Moving from an inability to swallow to end-of-life decisions
How I faced tough choices during my father's late-stage Huntington's disease
Note: This column describes the experiences of the author’s father with tetrabenazine (often known by its brand name, Xenazine). Not everyone will have the same response to treatment. Consult your doctor before starting or stopping a therapy.
My dad, who had Huntington’s disease, was moved to a nursing home when his ability to swallow deteriorated to the point where he could choke on just water. Since he had gaps between care visits, we in his family decided his trouble with swallowing, known as dysphagia, was too dangerous to let him live by himself.
At the nursing home, he was put on a pureed diet with thickened fluids. Meanwhile, his speech had deteriorated as well, to the point where he could say only one word, and even that was infrequent.
A year later, he had a sudden and complete loss of his ability to swallow, leaving food and drink in his mouth. A wet, gurgling sound came from his throat, and he didn’t appear to be swallowing his own saliva.
The journey with feeding tubes
Dad was taken to the hospital, and we feared the worst. Because he was severely dehydrated, hospital staff had difficulty finding a vein for his central line, which would deliver him fluids. Then Dad pulled a line out. Eventually, and thankfully, one was fixed and secured.
We tried him on some pureed desserts, with no luck. Hospital staff tried to use a nasogastric feeding tube, which enters through the nose and goes from there toward the stomach, but Dad struggled to tolerate it and kept removing it.

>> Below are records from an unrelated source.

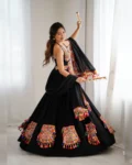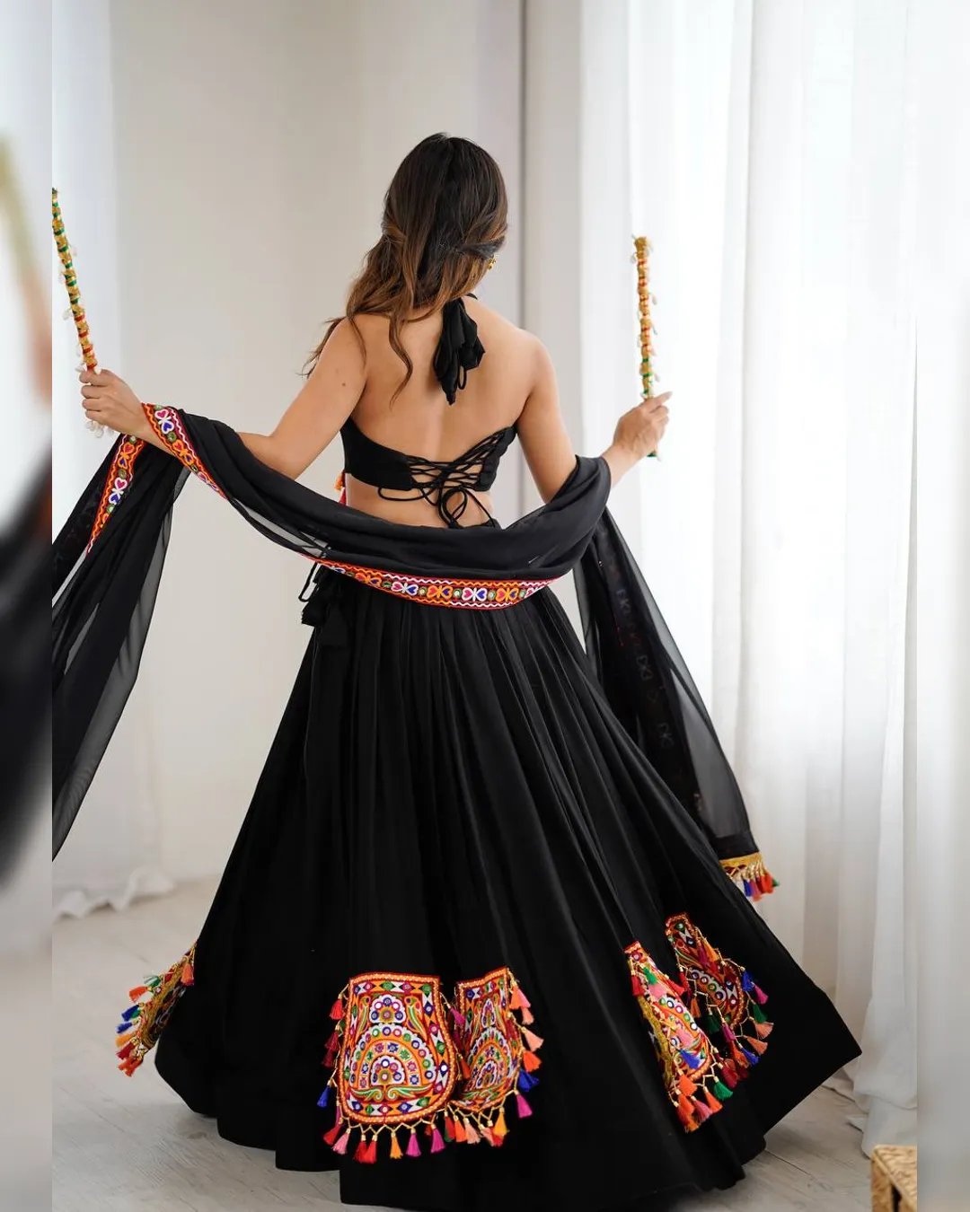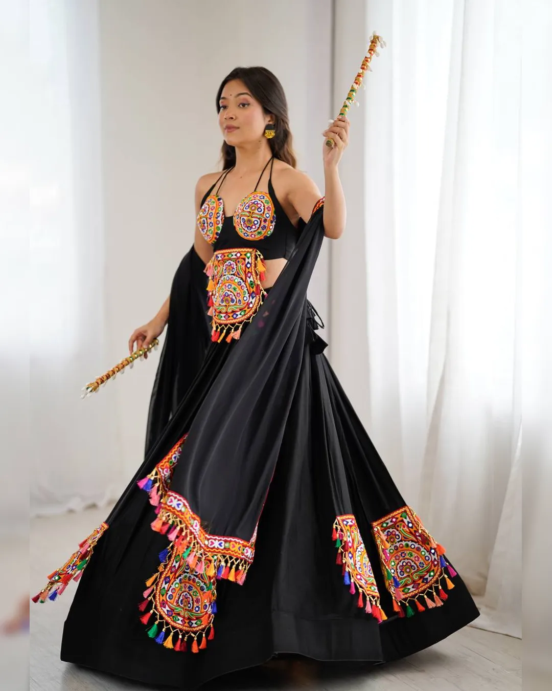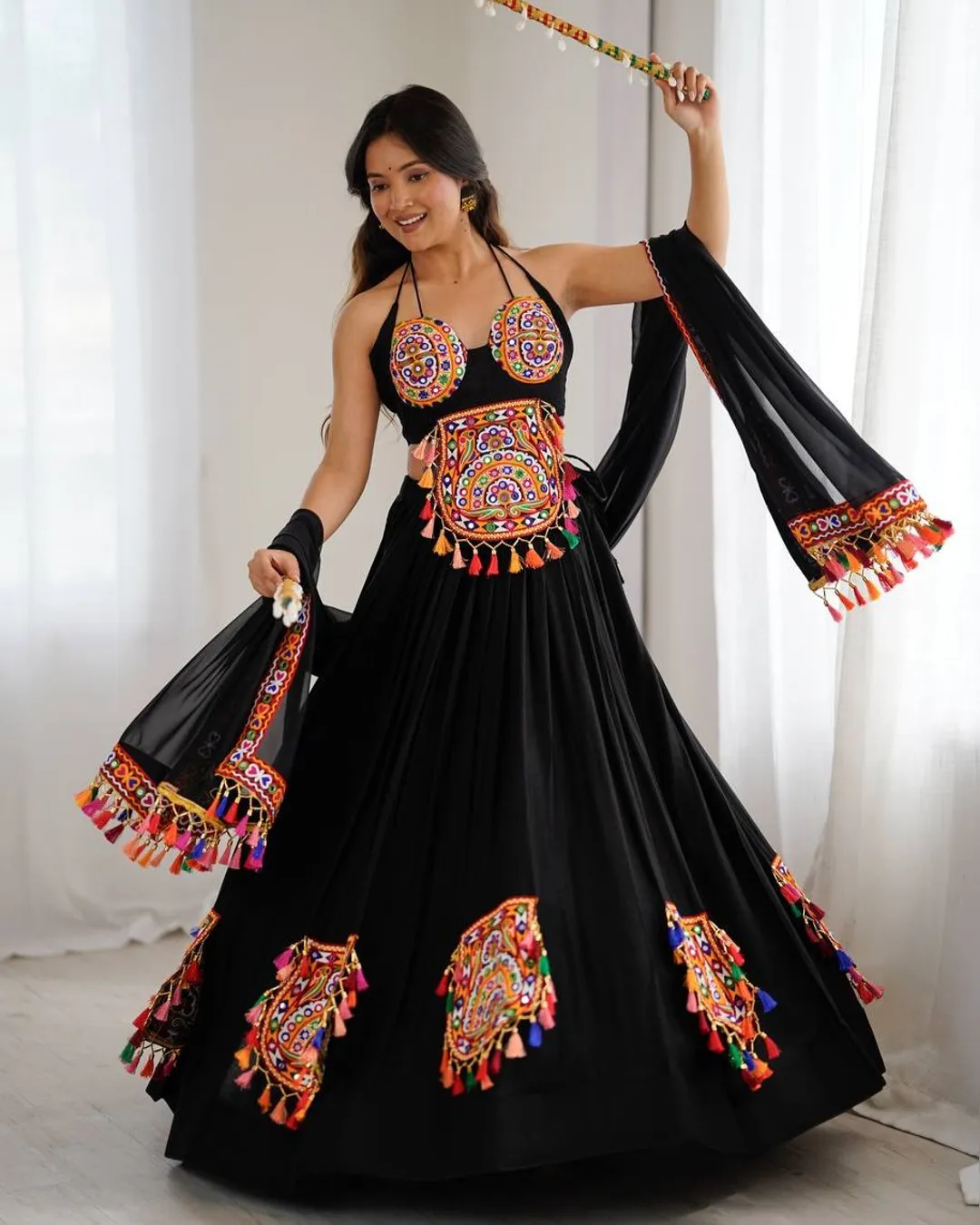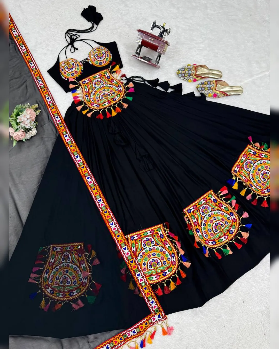 Celebrate the spirit of Navratri in this vibrant and traditional lehenga choli set, beautifully crafted in heavy rayon fabric and adorned with authentic Gamthi thread work, real mirror embellishments, and charming tassel accents.
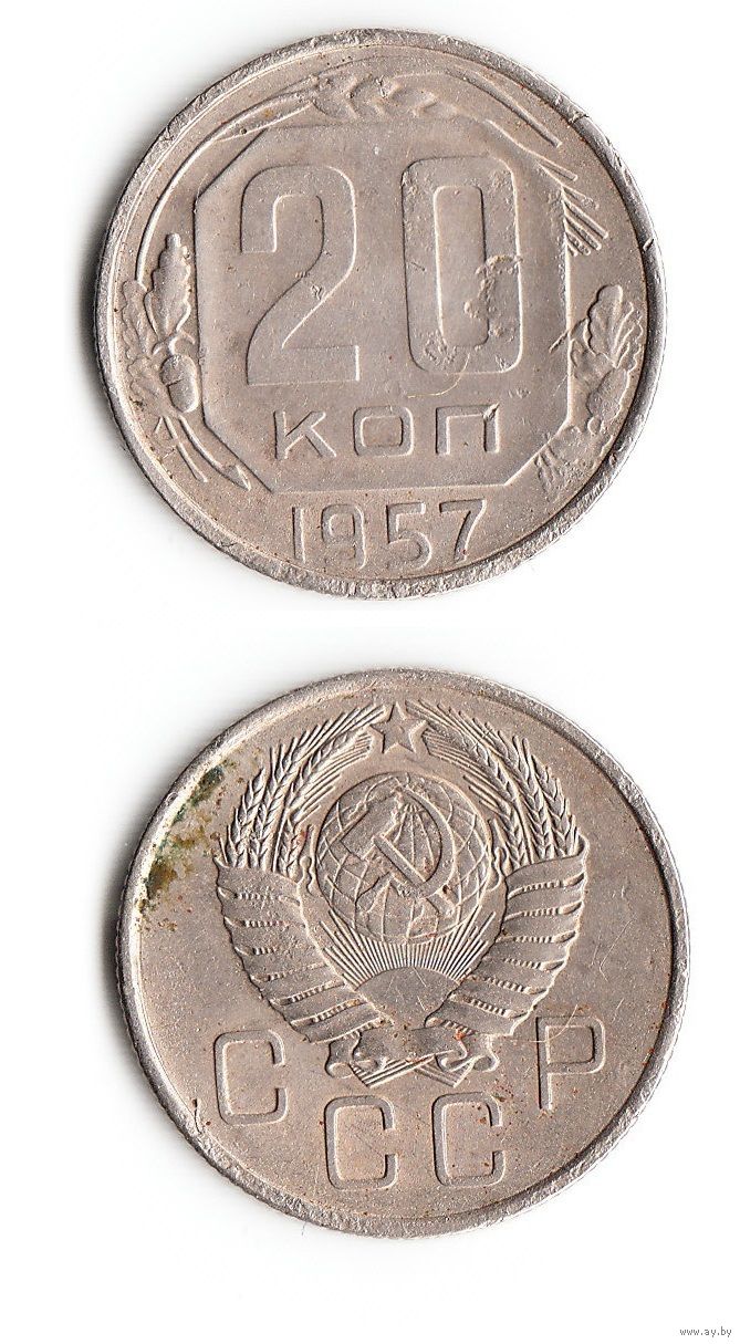 20 копеек СССР 1957 года, состояние отображено на скане.
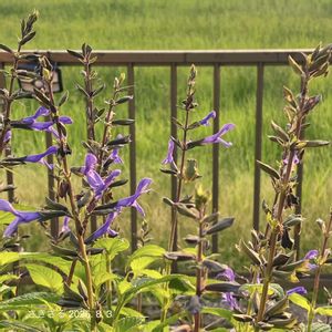 🌼お花便り 【#サルビアロックンロールブルーティアーズ 】 🗓️定植2024-10/13 → 2025-8/3 (42w0d) 🧭南西 🪴半地植え6号1株 ☀️3時間 🚿雨のみ 🧴花壇の元肥 🚿水やりを終え洗濯を干したAM5:48 サルビアのお掃除に行くと可愛らしいお客様🐸が朝日を見つめていたのでそーっと撮影 お掃除に行ったのにお客様のお邪魔しては悪いのでせず🐒💦 仕事から帰宅した12:03📌④⑤もう37℃…花がらなんてついて無いよね🙈と言い聞かせてマッハで撮影して来ました🤣 #pwスーパーアンバサダー2024 秋で頂きました#サルビアロックンロール #サルビア 🐵フェンスの奥は田んぼなんだけどその向こうに道があり、その先に数十軒新築のお家が建つから部屋から見えていた花火が、来年は花火欠けちゃうかな?って心配してたけれど見られそうです🙆🏻♀️ でも河原から打ち上がる瞬間は見えなくなっちゃうかな…🐒

Dad told me, “I need medical help.” The mental and physical strength it must have taken for him to say that sentence still blows my mind.
I then had a meeting with a speech and language therapist, who explained that Dad could have a percutaneous endoscopic gastrostomy (better known as PEG) tube, which goes directly into the stomach. The procedure for it would be relatively minor, but Dad was weak. The incision site would be prone to infection, and Dad might pull the tube or remove it, as with the nasogastric tube.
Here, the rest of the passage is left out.